Thanks largely to ample funding Corda leveraged through a combination of grants and private donations, the 2024 festival celebrated its 10th anniversary by screening more than 100 films “by and about women” for the second consecutive year. Supplemental programming like the Young Filmmakers’ Workshop also thrived in what she calls “the most comfortable year for us, ever.”

Naturally, Corda thought that 2025 would mark another major step forward in the festival’s growth. But her outlook changed in early April, when Nevada Humanities, a main source of funding for the festival, received a letter stating that its five-year general operating support grant funding had been terminated.

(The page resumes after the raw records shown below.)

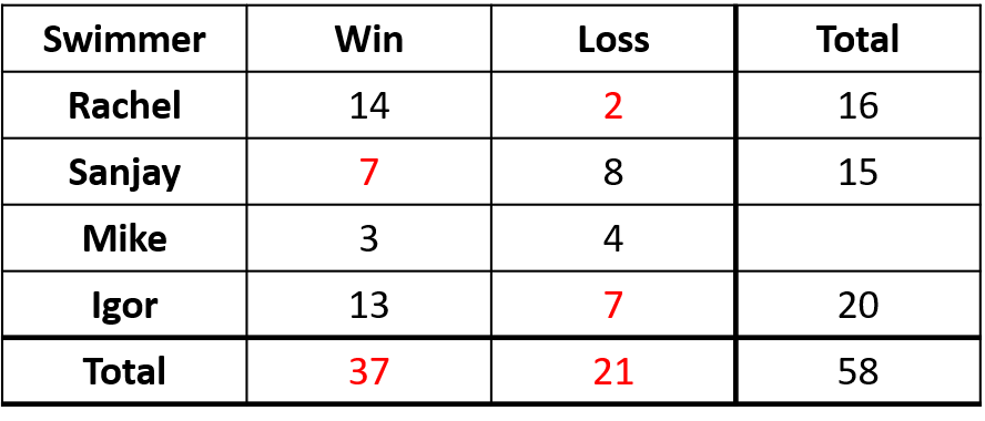 To calculate the win/loss ratio for each swimmer, the table must first be completed. The completed table is shown below: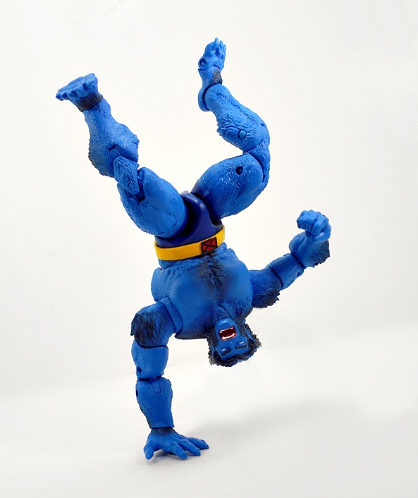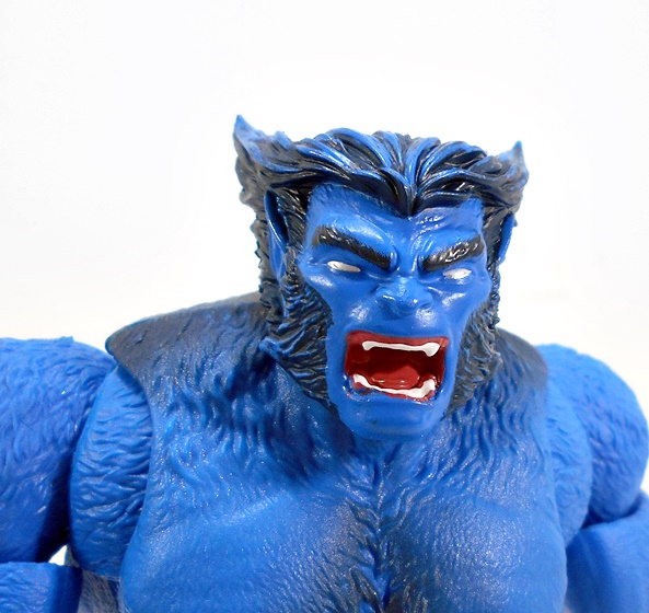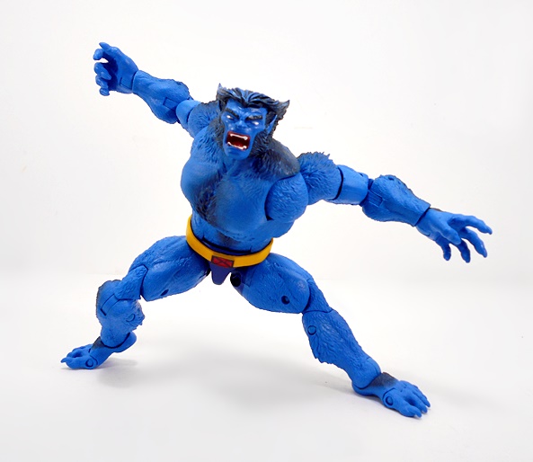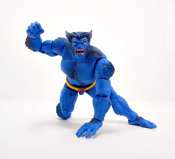 Hasbro went all out on the articulation here, so much so that I’m getting some flashbacks to the Toy Biz days, where articulation often took a front seat to aesthetics. Thankfully that’s not quite the case here, although I will say that with all these points of articulation, I think Beast looks better in action poses than simply standing prone. Nonetheless, lets run down all of those points! His arms have the butterfly shoulder crunches, rotating hinges in the proper shoulders, double hinges in the elbows, hinged pegs in the wrists, and swivels in the biceps. The legs are ball jointed in the hips, double jointed in the knees, and have swivels in the thighs. The ankles have hinges and lateral rockers, and there are hinges in the feet. There’s a swivel in the waist, a ball joint under the chest, and the neck is both hinged and ball jointed. Needless to say, this figure is tons of fun to play around with!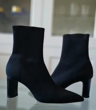 Elegantes botines negros de tacón de Zara en el número 38 - Diseño de tacón de aguja y elástico en tobillo para que se ajuste a modo calcetín - Material de ante sintético - Corte tobillero. Puestos únicamente para un evento..(ver fotos)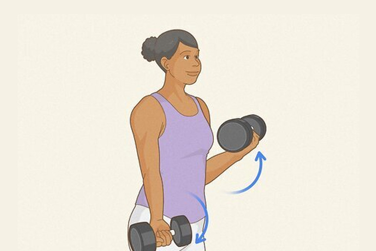Stand upright and with your feet shoulder-width apart. Now hold dumbbells in both hands and lift your shoulders back to activate your core. Bend solely at the elbows to curl the weight up, then slowly return the weights to their initial position. Continue until you reach the required number of reps.

It was part of a coordinated move by the Trump administration, in apparent conjunction with the so-called Department of Government Efficiency (DOGE), to cut grants that had for decades been distributed by the National Endowment for the Humanities (NEH) to regional affiliates like Nevada Humanities. In a news release, the NEH stated that the reason for the cuts was to “ensure that all future awards will ... not promote extreme ideologies based upon race or gender, and ... help instill an understanding of the founding principles and ideals that make America an exceptional country.” According to reports, the canceled grants will be used to pay for Trump’s proposed “National Garden of American Heroes.”

Nevada Humanities drew roughly 75% of its $1.5 million annual budget from the NEH funds that have been terminated. Most of that funding helps support “innovative, humanities-based projects created primarily for Nevada audiences,” including the Nevada Women’s Film Festival. The nonprofit depends on Nevada Humanities for about the same percentage of its yearly operating costs. It has received more than $50,000 from the council since 2017, including a maximum allocation of $7,500 last year. 

Now, they’re both scrambling to make what little they have left go a long way.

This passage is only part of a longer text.